PROVIDED INFORMATION:
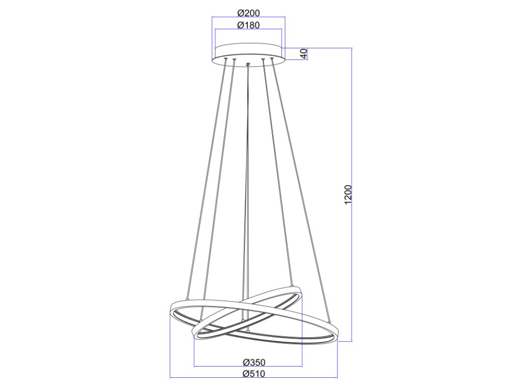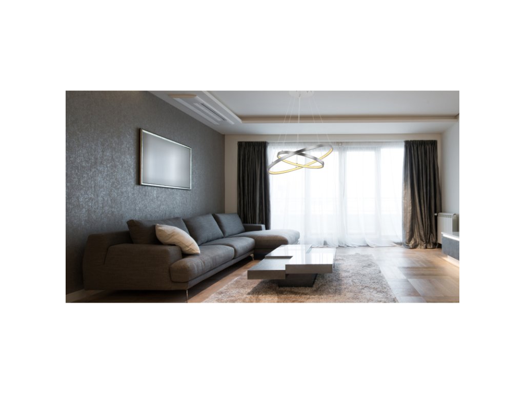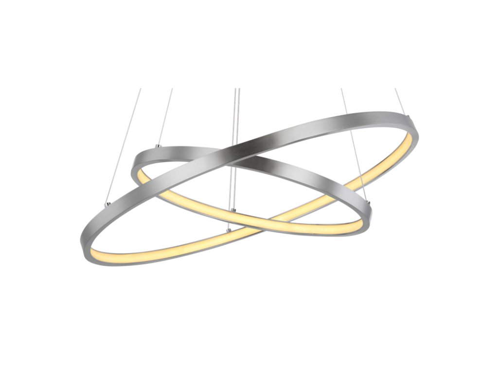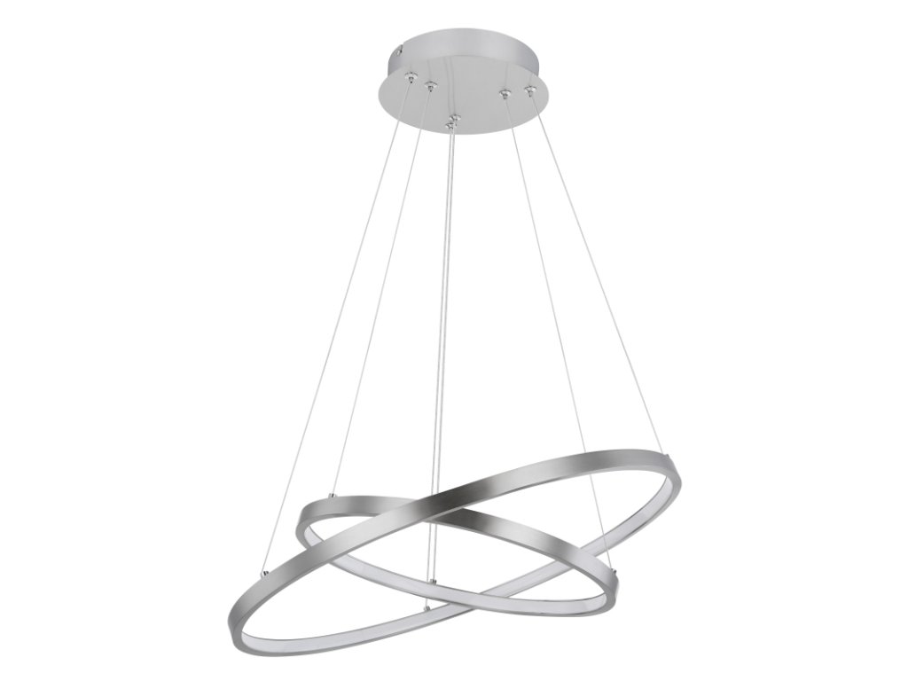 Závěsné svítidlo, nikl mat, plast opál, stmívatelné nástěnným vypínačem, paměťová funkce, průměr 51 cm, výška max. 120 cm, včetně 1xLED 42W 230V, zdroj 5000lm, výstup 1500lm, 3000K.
...
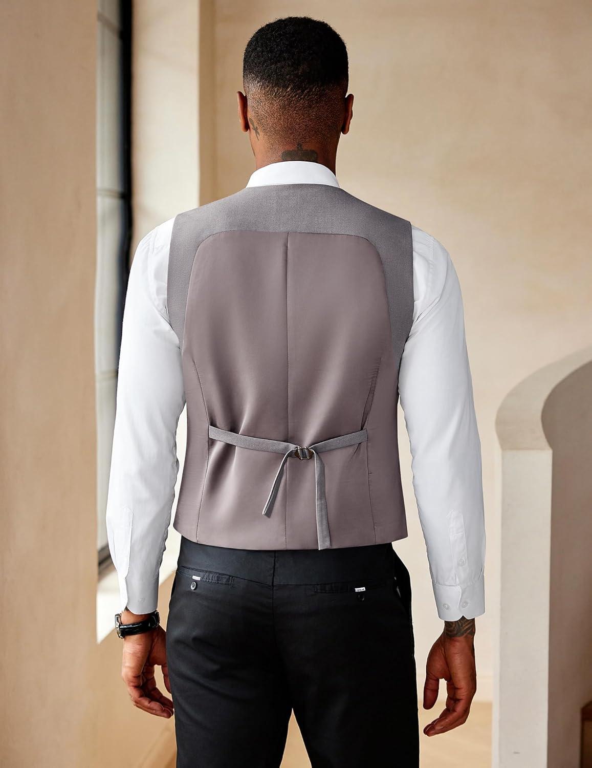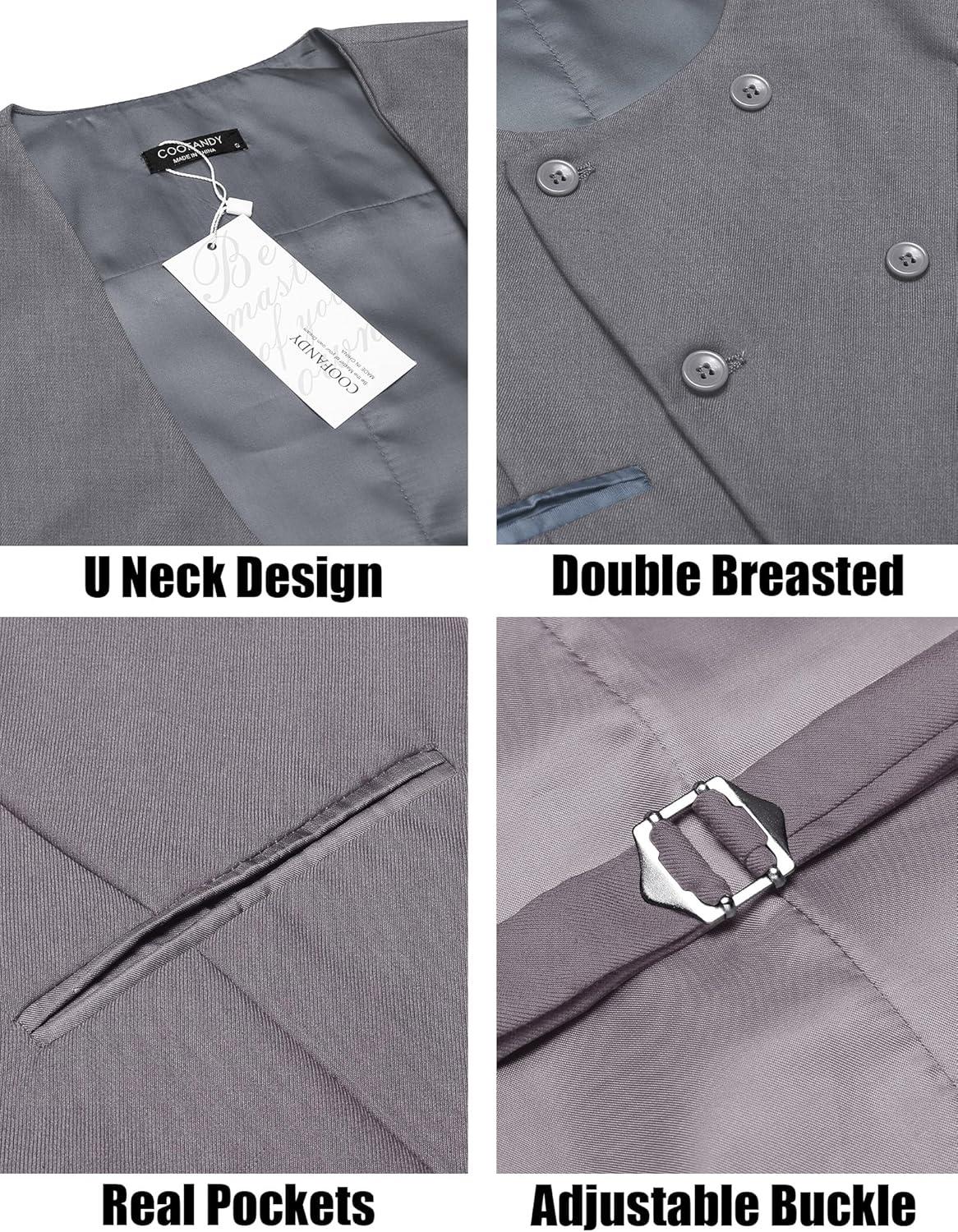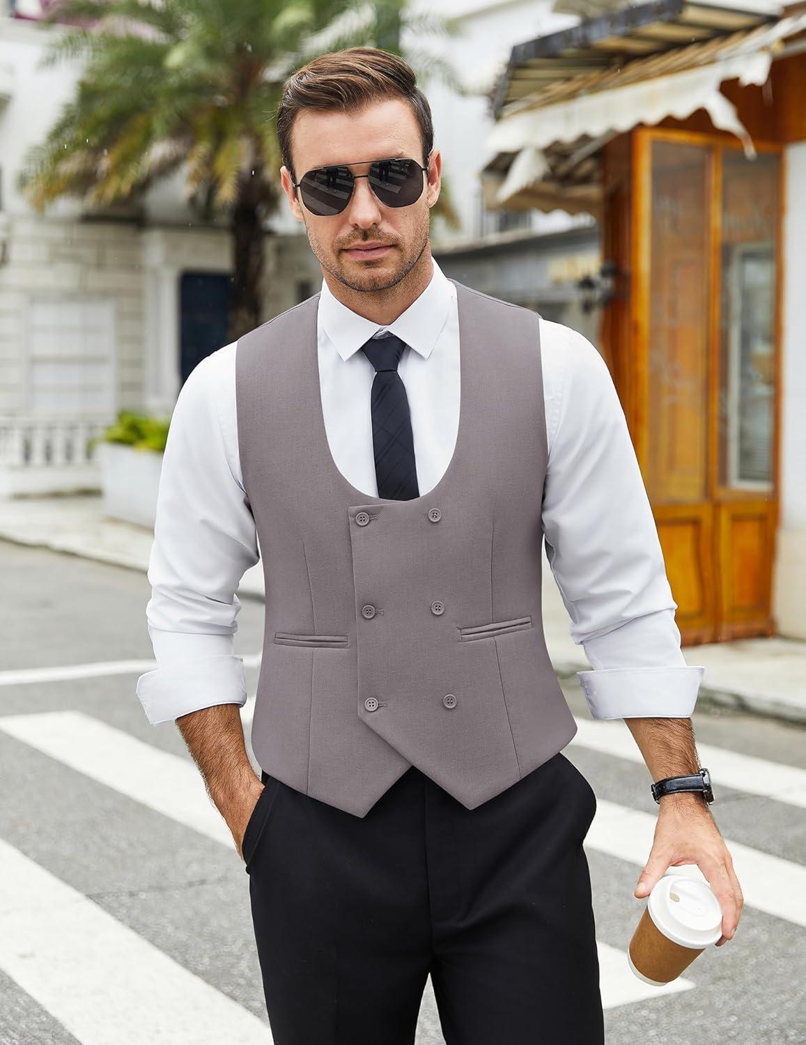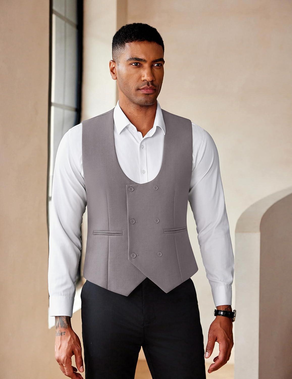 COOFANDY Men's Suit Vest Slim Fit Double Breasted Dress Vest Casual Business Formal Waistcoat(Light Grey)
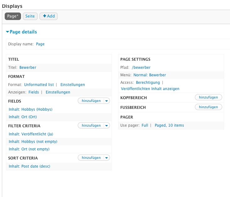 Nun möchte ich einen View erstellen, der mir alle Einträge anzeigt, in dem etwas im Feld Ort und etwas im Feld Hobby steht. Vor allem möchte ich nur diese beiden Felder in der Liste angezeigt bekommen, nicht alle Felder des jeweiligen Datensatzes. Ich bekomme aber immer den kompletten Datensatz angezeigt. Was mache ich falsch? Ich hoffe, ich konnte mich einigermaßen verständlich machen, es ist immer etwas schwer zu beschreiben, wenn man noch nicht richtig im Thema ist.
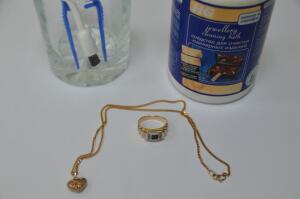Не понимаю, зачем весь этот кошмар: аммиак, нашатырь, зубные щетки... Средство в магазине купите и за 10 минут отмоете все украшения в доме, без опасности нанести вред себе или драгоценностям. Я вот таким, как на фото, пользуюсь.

PROBLEM: Within the material above, find the part that opens with the line containing "Nun möchte ich" and closes with the line containing "Не понимаю, зачем", and reproduce it exactly without the pictures.

ANSWER SECTION:
 Nun möchte ich einen View erstellen, der mir alle Einträge anzeigt, in dem etwas im Feld Ort und etwas im Feld Hobby steht. Vor allem möchte ich nur diese beiden Felder in der Liste angezeigt bekommen, nicht alle Felder des jeweiligen Datensatzes. Ich bekomme aber immer den kompletten Datensatz angezeigt. Was mache ich falsch? Ich hoffe, ich konnte mich einigermaßen verständlich machen, es ist immer etwas schwer zu beschreiben, wenn man noch nicht richtig im Thema ist.
Не понимаю, зачем весь этот кошмар: аммиак, нашатырь, зубные щетки... Средство в магазине купите и за 10 минут отмоете все украшения в доме, без опасности нанести вред себе или драгоценностям. Я вот таким, как на фото, пользуюсь.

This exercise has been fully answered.